--- START ---

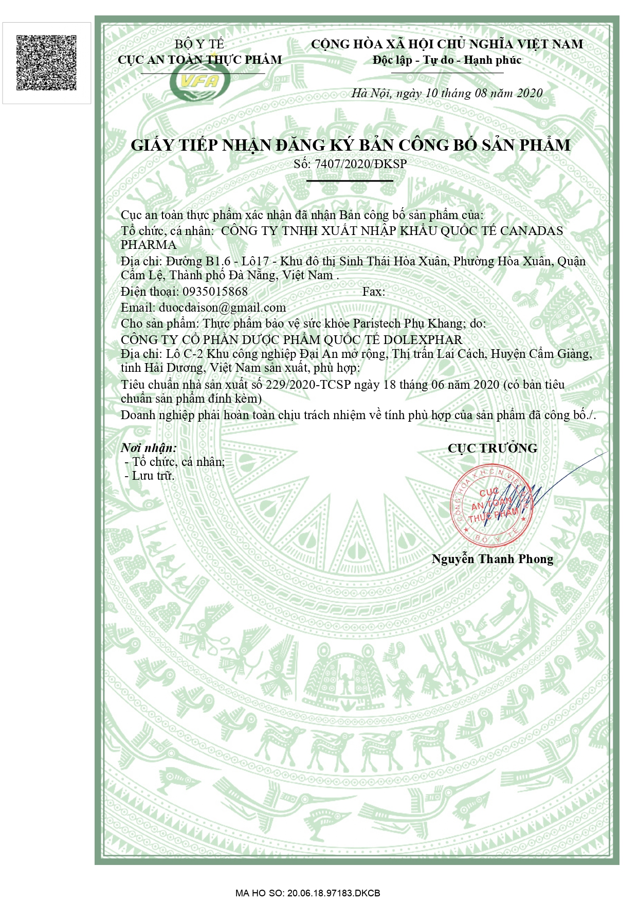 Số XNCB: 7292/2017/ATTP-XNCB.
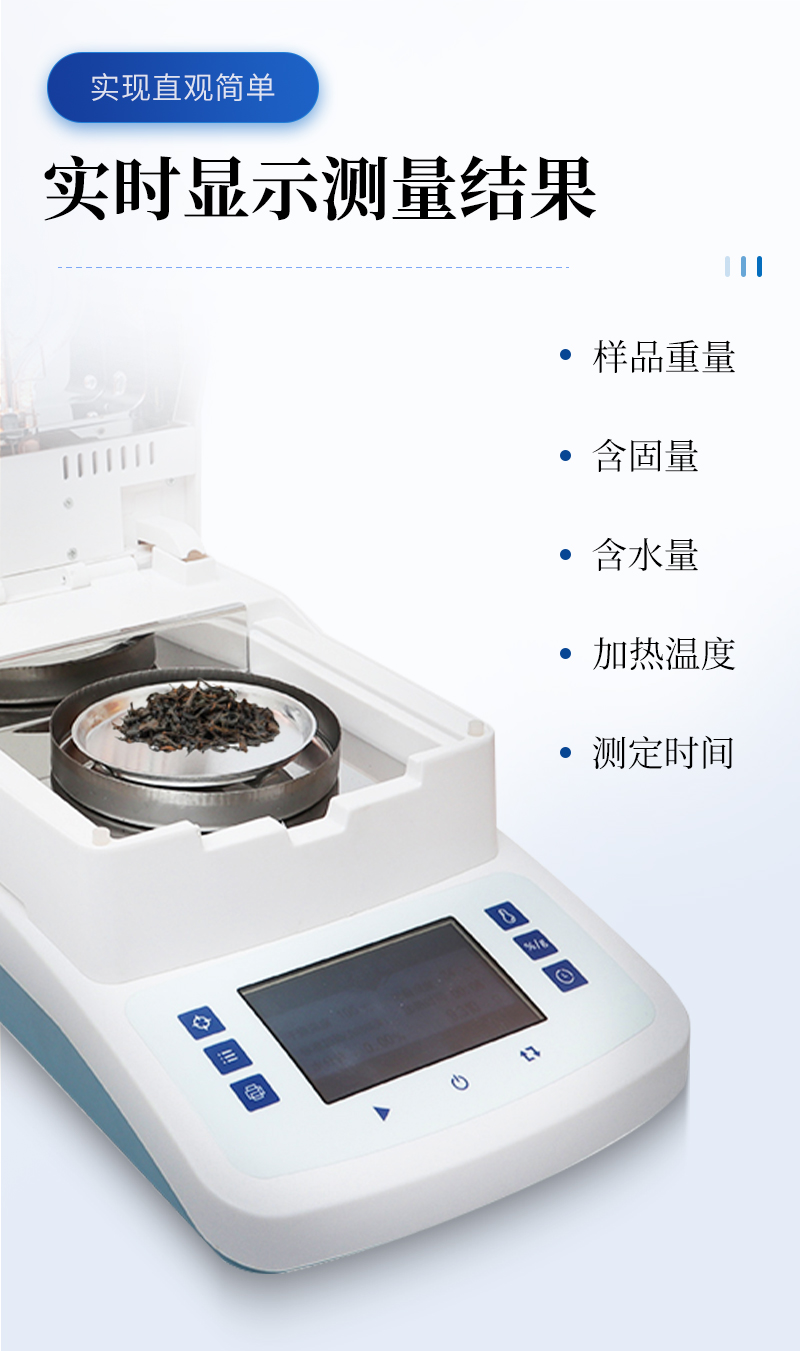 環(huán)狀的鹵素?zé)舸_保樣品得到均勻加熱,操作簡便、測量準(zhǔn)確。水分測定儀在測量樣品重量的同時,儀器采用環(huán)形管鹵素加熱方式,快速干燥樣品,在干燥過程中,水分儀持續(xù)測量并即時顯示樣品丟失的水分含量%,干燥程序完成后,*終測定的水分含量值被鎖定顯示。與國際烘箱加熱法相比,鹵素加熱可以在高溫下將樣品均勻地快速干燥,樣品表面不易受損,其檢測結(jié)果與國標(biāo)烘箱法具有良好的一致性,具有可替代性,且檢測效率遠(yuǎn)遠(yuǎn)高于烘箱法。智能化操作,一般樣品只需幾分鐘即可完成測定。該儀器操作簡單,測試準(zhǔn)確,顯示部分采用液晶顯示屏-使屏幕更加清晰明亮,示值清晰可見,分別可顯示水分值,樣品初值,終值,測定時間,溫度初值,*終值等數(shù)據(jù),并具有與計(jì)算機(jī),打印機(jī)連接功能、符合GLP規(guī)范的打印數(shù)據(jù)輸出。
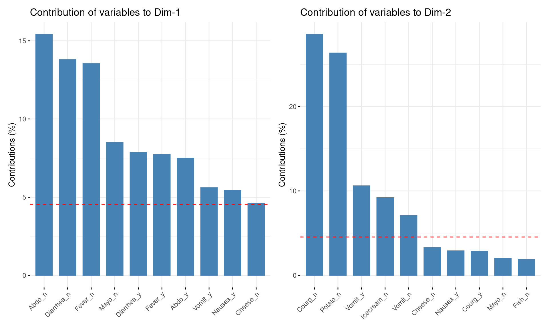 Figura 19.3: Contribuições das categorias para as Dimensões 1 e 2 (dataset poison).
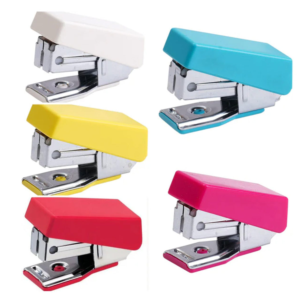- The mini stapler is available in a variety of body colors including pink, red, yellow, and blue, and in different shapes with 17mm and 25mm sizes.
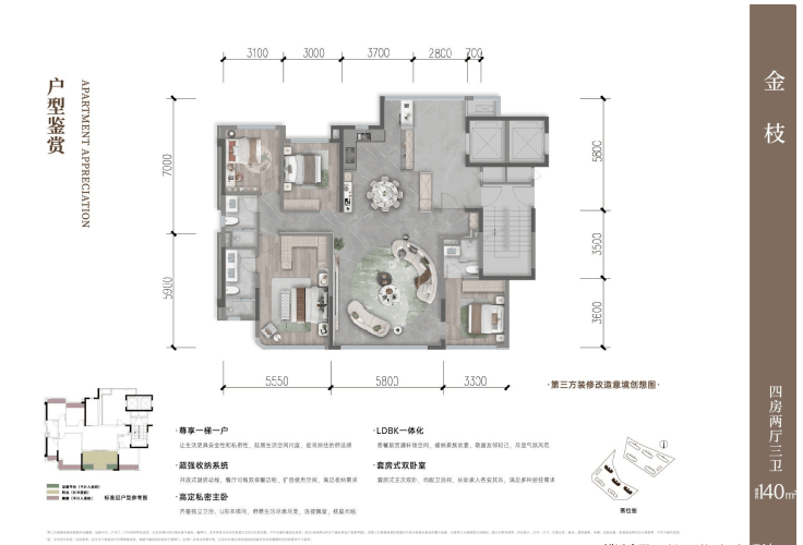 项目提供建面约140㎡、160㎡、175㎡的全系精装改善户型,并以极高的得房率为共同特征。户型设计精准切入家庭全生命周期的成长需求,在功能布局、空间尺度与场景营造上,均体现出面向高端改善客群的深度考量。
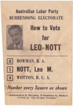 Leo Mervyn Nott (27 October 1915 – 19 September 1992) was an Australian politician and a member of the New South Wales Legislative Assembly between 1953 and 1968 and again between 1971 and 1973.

--- END ---

Include the first line of the records, the line containing "项目提供建面约140㎡、16", and every line between them, repeated exactly. Skip the pictures.

 Số XNCB: 7292/2017/ATTP-XNCB.
 環(huán)狀的鹵素?zé)舸_保樣品得到均勻加熱,操作簡便、測量準(zhǔn)確。水分測定儀在測量樣品重量的同時,儀器采用環(huán)形管鹵素加熱方式,快速干燥樣品,在干燥過程中,水分儀持續(xù)測量并即時顯示樣品丟失的水分含量%,干燥程序完成后,*終測定的水分含量值被鎖定顯示。與國際烘箱加熱法相比,鹵素加熱可以在高溫下將樣品均勻地快速干燥,樣品表面不易受損,其檢測結(jié)果與國標(biāo)烘箱法具有良好的一致性,具有可替代性,且檢測效率遠(yuǎn)遠(yuǎn)高于烘箱法。智能化操作,一般樣品只需幾分鐘即可完成測定。該儀器操作簡單,測試準(zhǔn)確,顯示部分采用液晶顯示屏-使屏幕更加清晰明亮,示值清晰可見,分別可顯示水分值,樣品初值,終值,測定時間,溫度初值,*終值等數(shù)據(jù),并具有與計(jì)算機(jī),打印機(jī)連接功能、符合GLP規(guī)范的打印數(shù)據(jù)輸出。
 Figura 19.3: Contribuições das categorias para as Dimensões 1 e 2 (dataset poison).
- The mini stapler is available in a variety of body colors including pink, red, yellow, and blue, and in different shapes with 17mm and 25mm sizes.
 项目提供建面约140㎡、160㎡、175㎡的全系精装改善户型,并以极高的得房率为共同特征。户型设计精准切入家庭全生命周期的成长需求,在功能布局、空间尺度与场景营造上,均体现出面向高端改善客群的深度考量。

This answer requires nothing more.